Part 1: The Humanoid Vision and AGI

  1. On the vessel for AGI: "Figure's humanoid robot is the ultimate deployment vector for AGI." — Source: [Colossus]
  2. On the physical interface: "You can’t solve this with anything else besides a mechanical human—a single platform that, with no hardware changes, can do everything a human can." — Source: [Lex Fridman Podcast]
  3. On AI leaving the server: "I think you’ll see some of the most transformative events in technology happen over the next 36 months that we’ve ever seen... I’m watching AI in a human body do human work." — Source: [Lex Fridman Podcast]
  4. On building a new species: "We’re building a new species here... We're building synthetic humans at scale." — Source: [Singju Post]
  5. On the domestic timeline: "The home is coming. The home is like single-digit years away from being a place where humanoid robots can do useful work." — Source: [Singju Post]
  6. On inevitable sci-fi: "It’s literally going to feel like a sci-fi movie." — Source: [Business Insider]
  7. On continuous progress: "This is not like something we can turn off. You turn off the internet, you’re going to stop people from trying to build systems that make us more productive." — Source: [Lex Fridman Podcast]
  8. On real-world data: "Once one robot masters a task, the updated model is pushed across the fleet, creating a moat of data that hardware-only companies cannot match." — Source: [Fortune India]
  9. On the true metric of success: "The winner is... who can hit 100,000, who can hit a million units in the market as fast as possible." — Source: [Humanoids Daily]
  10. On replacing hand-coded logic: "The era of hand-coded robotics is officially over, marking the shift from writing C++ to relying entirely on neural weights for pixels-to-torque control." — Source: [CyberNews Centre]

Part 2: Hard Tech and Physical AI

  1. On atoms over bits: "I always envied things that you can go touch and build... basically like Adams over bits." — Source: [Automate Construction]
  2. On the hardware rulebook: "Building hardware... has been like the least stressful years of my career... because we have a rulebook with physics that we can basically aimatically attribute back to." — Source: [YouTube]
  3. On the hardware gauntlet: "Hardware is just like tough to get out the door... it's like a death gauntlet for software entrepreneurs.
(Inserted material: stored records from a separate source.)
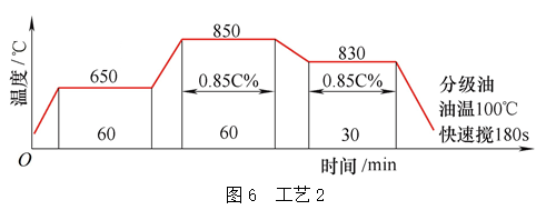 工藝1曲線如圖6所示,使用設(shè)備為天龍生產(chǎn)的多用爐,型號:RM9-75/130/75-5-TL。淬火油使用的是北京華立精細(xì)化工公司今禹等溫分級淬火油,型號Y35-Ⅱ。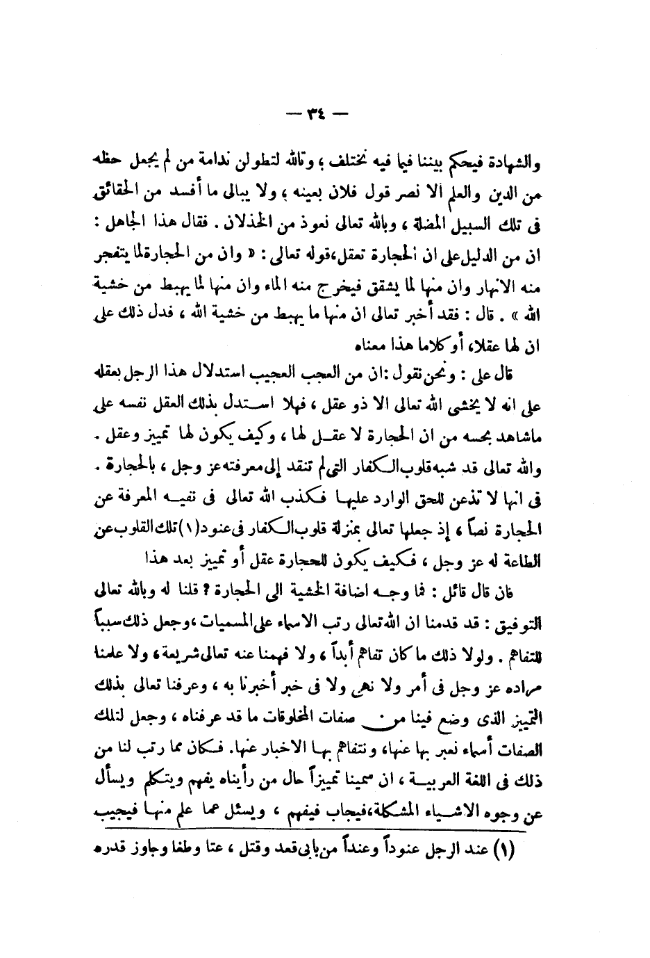 لم يجعل حظه من الدين والعلم إلا نصر قول فلان بعينه ولا يبالي ما أفسد من الحقائق في تلك السبيل العضلة وبالله تعالى نعوذ من الخذلان فقال هذا الجاهل إن من الدليل على أن الحجارة تعقل قوله تعالى {ثم قست قلوبكم من بعد ذلك فهي كلحجارة أو أشد قسوة وإن من لحجارة لما يتفجر منه لأنهار وإن منها لما يشقق فيخرج منه لمآء وإن منها لما يهبط من خشية لله وما لله بغافل عما تعملون} قال فقد أخبر تعالى أن منها ما يهبط من خشية الله فدل ذلك على أن لها عقلا أو كلاما هذا معناه قال علي ونحن نقول إن من العجب العجيب استدلال هذا الرجل بعقله على أنه لا يخشى الله تعالى إلا ذو عقل فهلا استدل بذلك العقل نفسه على ما شاهد بحسه من أن الحجارة لا عقل لها وكيف يكون لها تمييز وعقل والله تعالى قد شبه قلوب الكفار التي لم تنقد إلى معرفته عز وجل بالحجارة في أنها لا تذعن للحق الوارد عليها فكذب الله تعالى في نفيه المعرفة عن الحجارة نصا إذ جعلها تعالى بمنزلة قلوب الكفار في عنود تلك القلوب عن الطاعة له عز وجل فكيف يكون للحجارة عقل أو تمييز بعد هذا فإن قال قائل فما وجه إضافة الخشية إلى الحجارة قلنا له وبالله تعالى التوفيق قد قدمنا أن الله تعالى رتب الأسماء على المسميات وجعل ذلك سببا للتفاهم ولولا ذلك ما كان تفاهم أبدا ولا فهمنا عنه تعالى شريعة ولا علمنا مراده عز وجل في أمر ولا نهي ولا في خبر أخبرنا به وعرفنا تعالى بذلك التمييز الذي وضع فينا من صفات المخلوقات ما قد عرفناه وجعل لتلك الصفات أسماء نعبر بها عنها ونفاهم بها الأخبار عنها فكان مما رتب لنا من ذلك في اللغة العربية إن سمينا تمييزا حال من رأيناه يفهم ويتكلم ويسأل عن وجوه الأشياء المشكلة فيجاب فيفهم ويسأل عما علم منها فيجب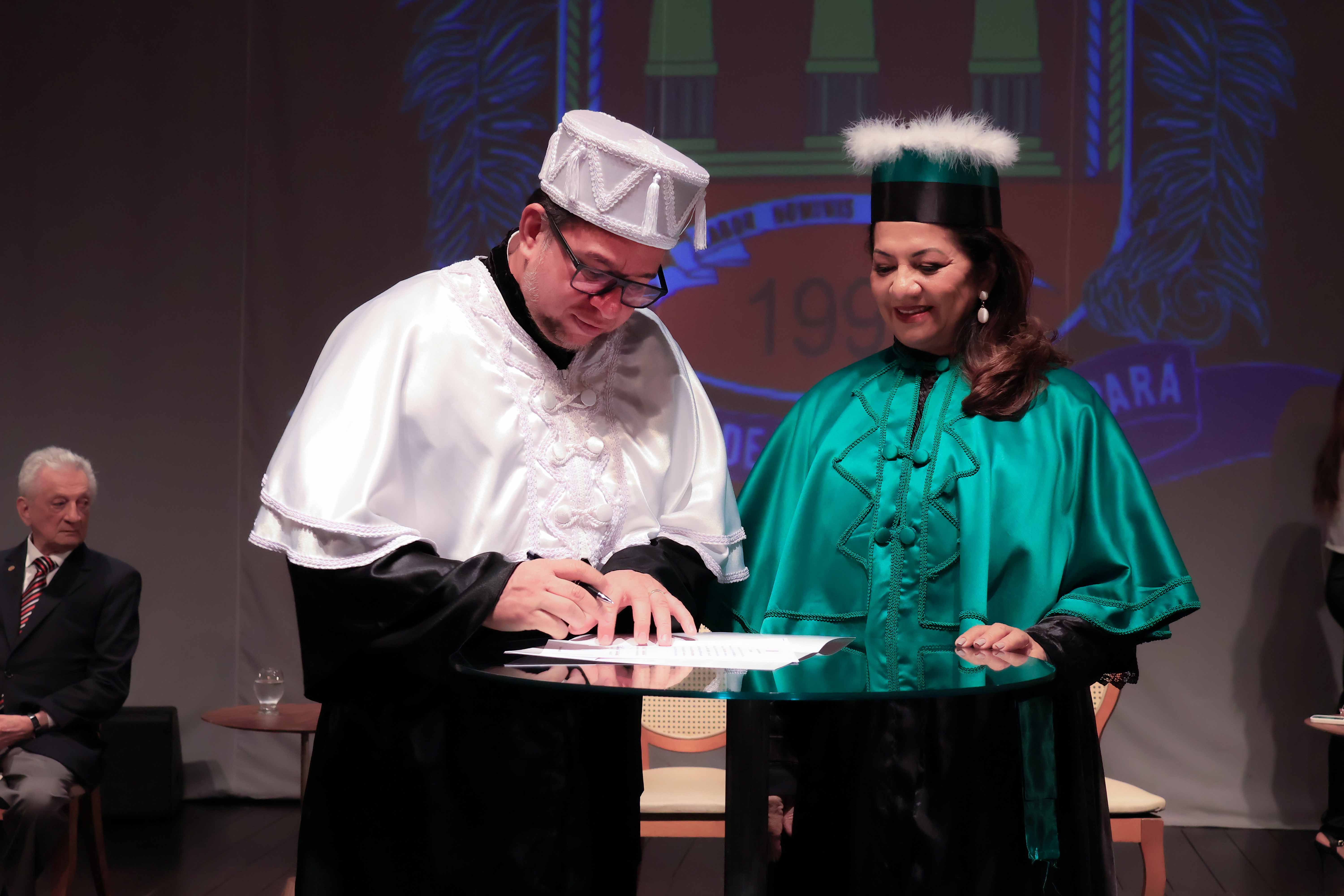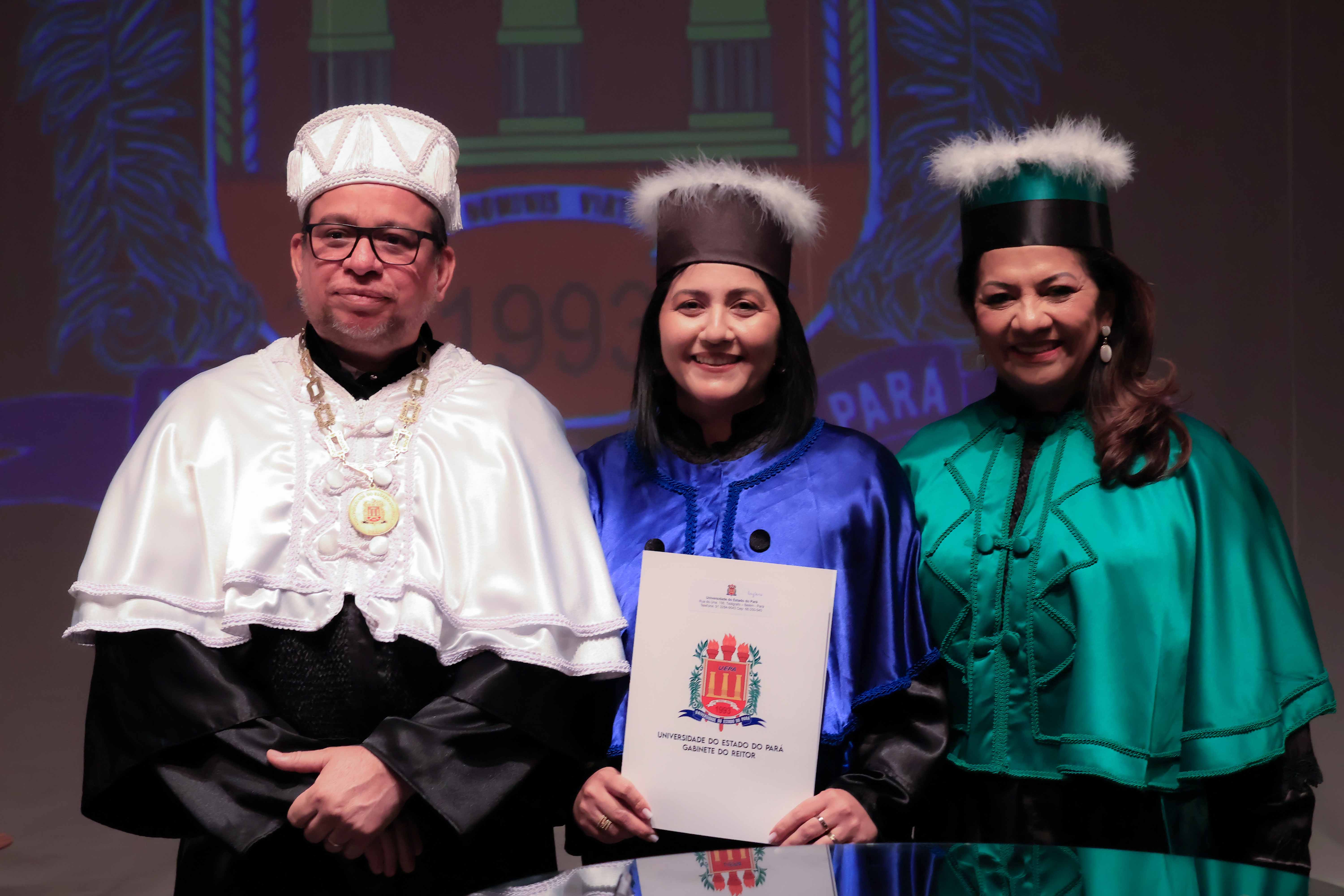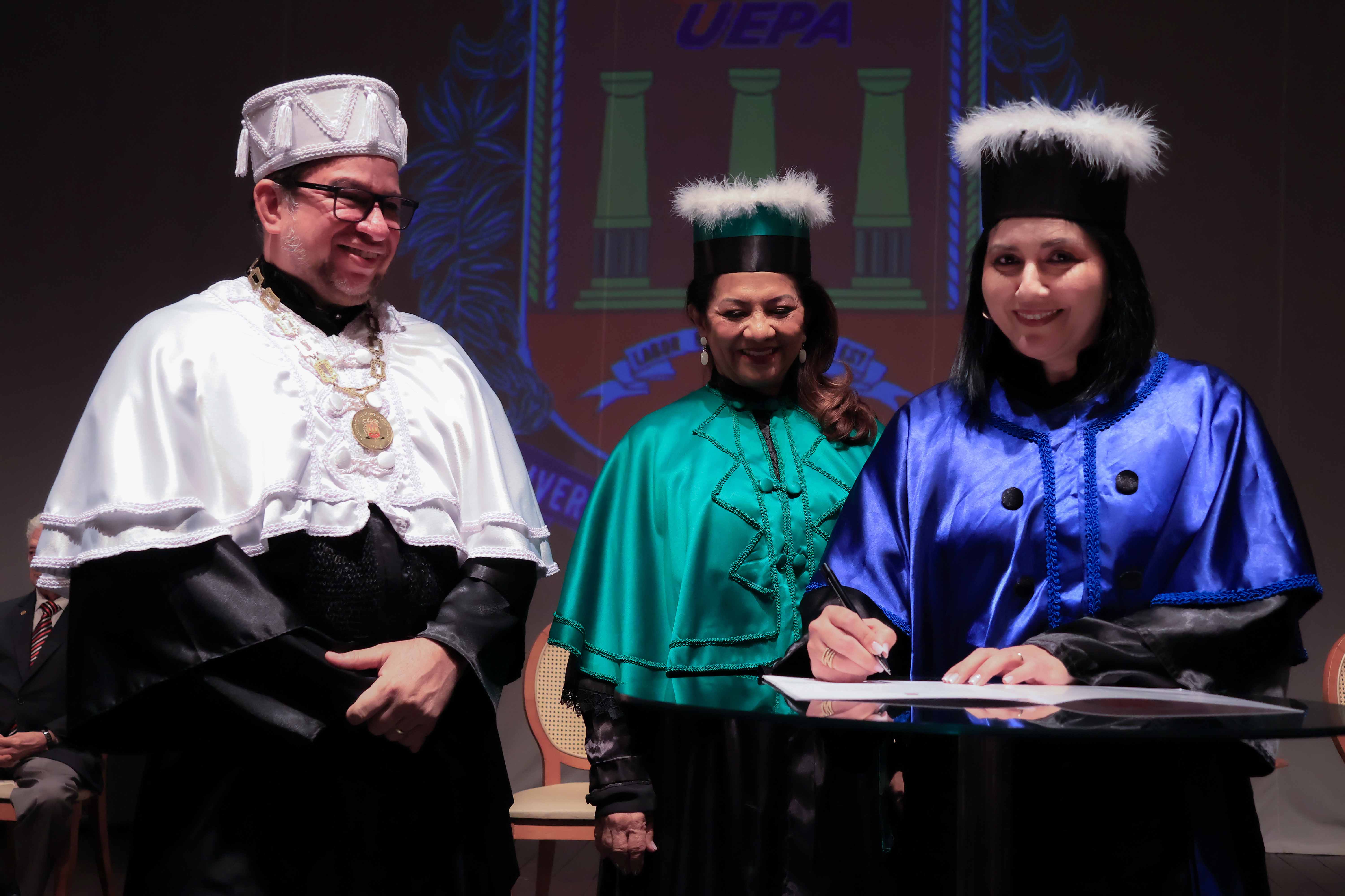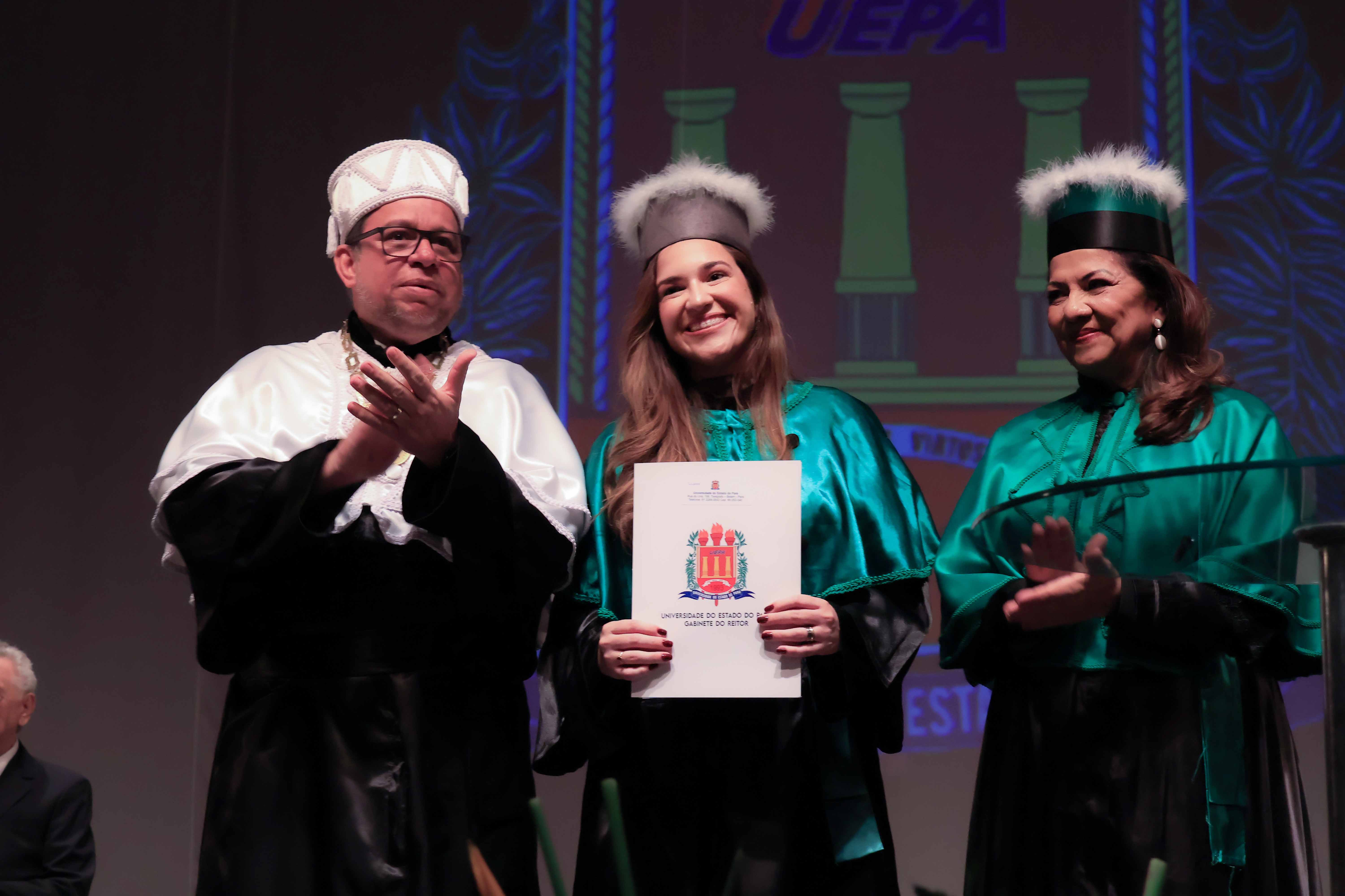 Em um evento carregado de emoção, simbolismo acadêmico e reafirmação do compromisso com a educação pública de qualidade, a Universidade do Estado do Pará (Uepa) reconduziu oficialmente, nesta quarta-feira, 4, o reitor Clay Chagas e a vice-reitora Ilma Pastana para mais um mandato à frente da instituição. A cerimônia foi realizada no Teatro Margarida Schivasappa, em Belém, e reuniu membros da comunidade acadêmica, ex-reitores, autoridades e representantes dos campi do interior.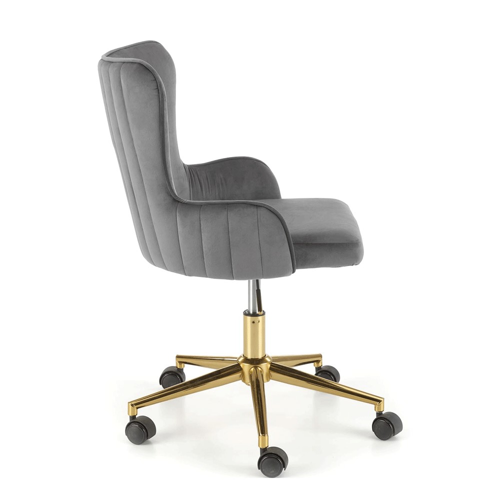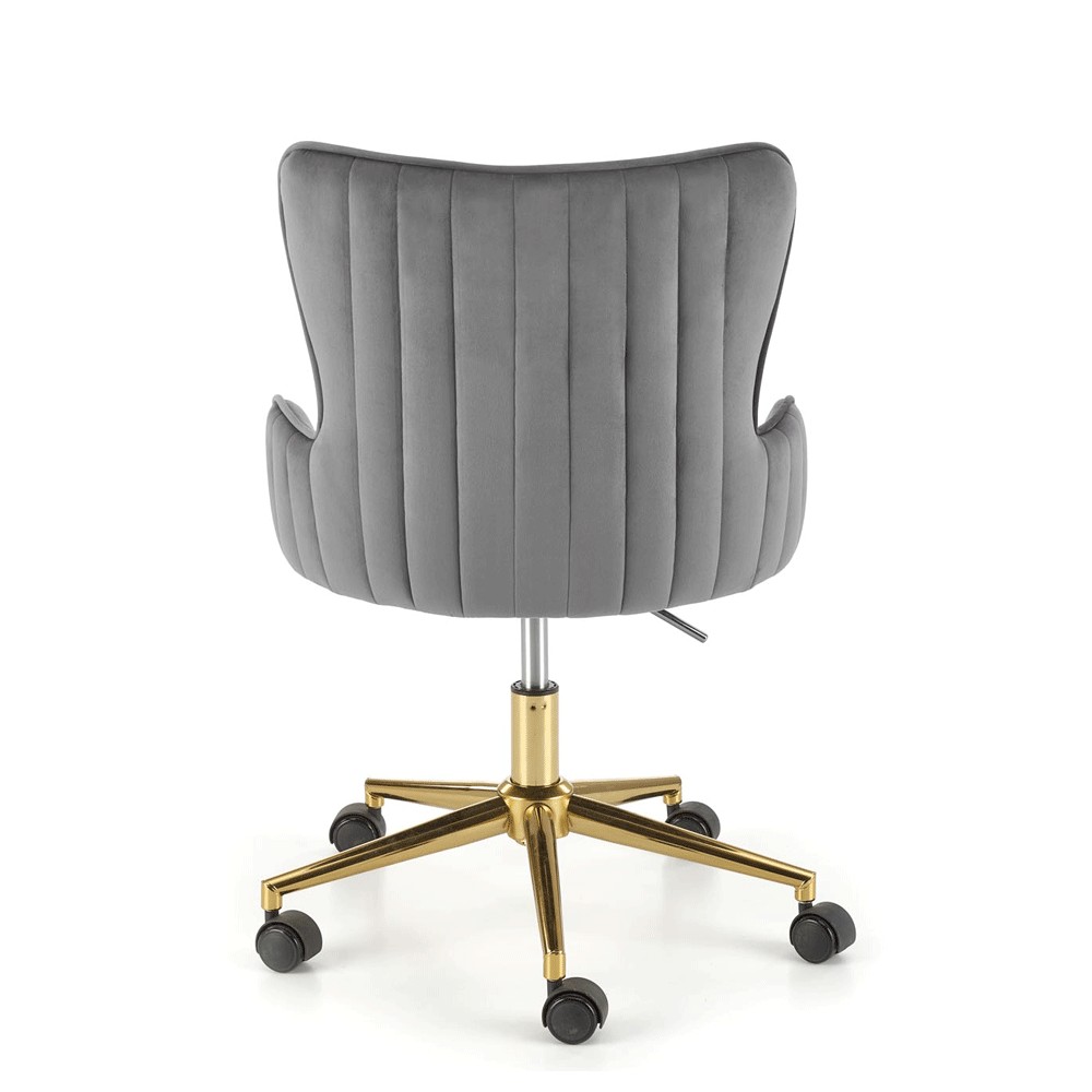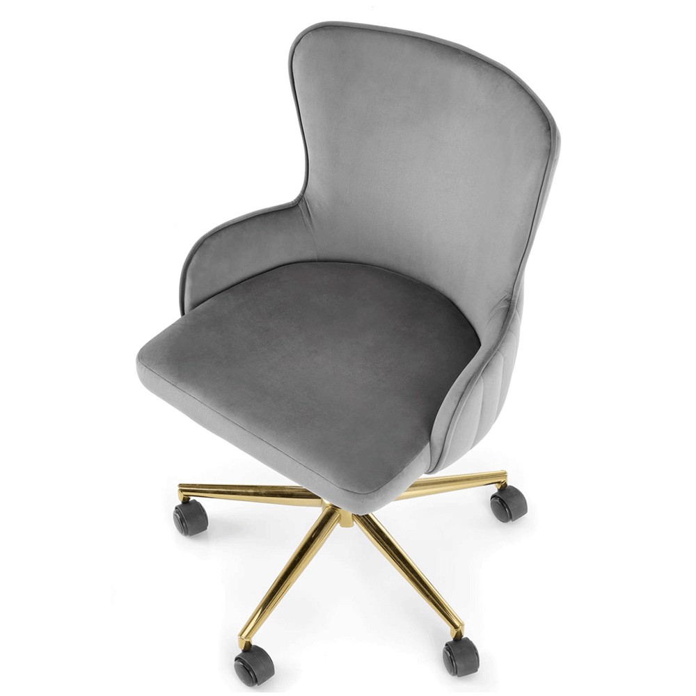 Aduceti stilul glam deco si eleganta vintage spatiului dumneavostra de lucru cu accentele aurii si textura luxoasa din catifea a scaunului HM Timoteo. Scaunul va atrage toate privirile si va oferi relaxare chiar in timpul lucrului la birou datorita captuselii groase din spuma si tapiteriei moale din catifea.

It's like software entrepreneurship on steroids." — Source: [YouTube]
  4. On software's lack of stakes: "Software is easy in a sense like... it’s just code, right? No one’s gonna die if you screw it up." — Source: [YouTube]
  5. On the built environment: "The physical world will last several hundred years; we built it to interact with the human body... Everything around us was built for a human interface." — Source: [Supla]
  6. On poor components: "AI is not going to run well on shitty hardware... you can't get this done on mediocre hardware." — Source: [Humanoids Daily]
  7. On vertical integration: "The future only becomes possible when the entire stack is built together... foundation models, software systems, native hardware, and new interfaces." — Source: [Gizmodo]
  8. On separating from software partners: "The Figure team's internal robotics researchers began outperforming OpenAI in testing and deployment on robots, leading us to pursue our own approach and maintain control over progress and IP." — Source: [Global Player]
  9. On physical constraints: "Hardware is no longer the constraint. The brain will require significantly more data... but the physical platform capable of that dexterity will be ready by end of 2026." — Source: [CyberNews Centre]
  10. On extreme practicality: "With extreme practicality, I make crazy ideas real." — Source: [Eboona]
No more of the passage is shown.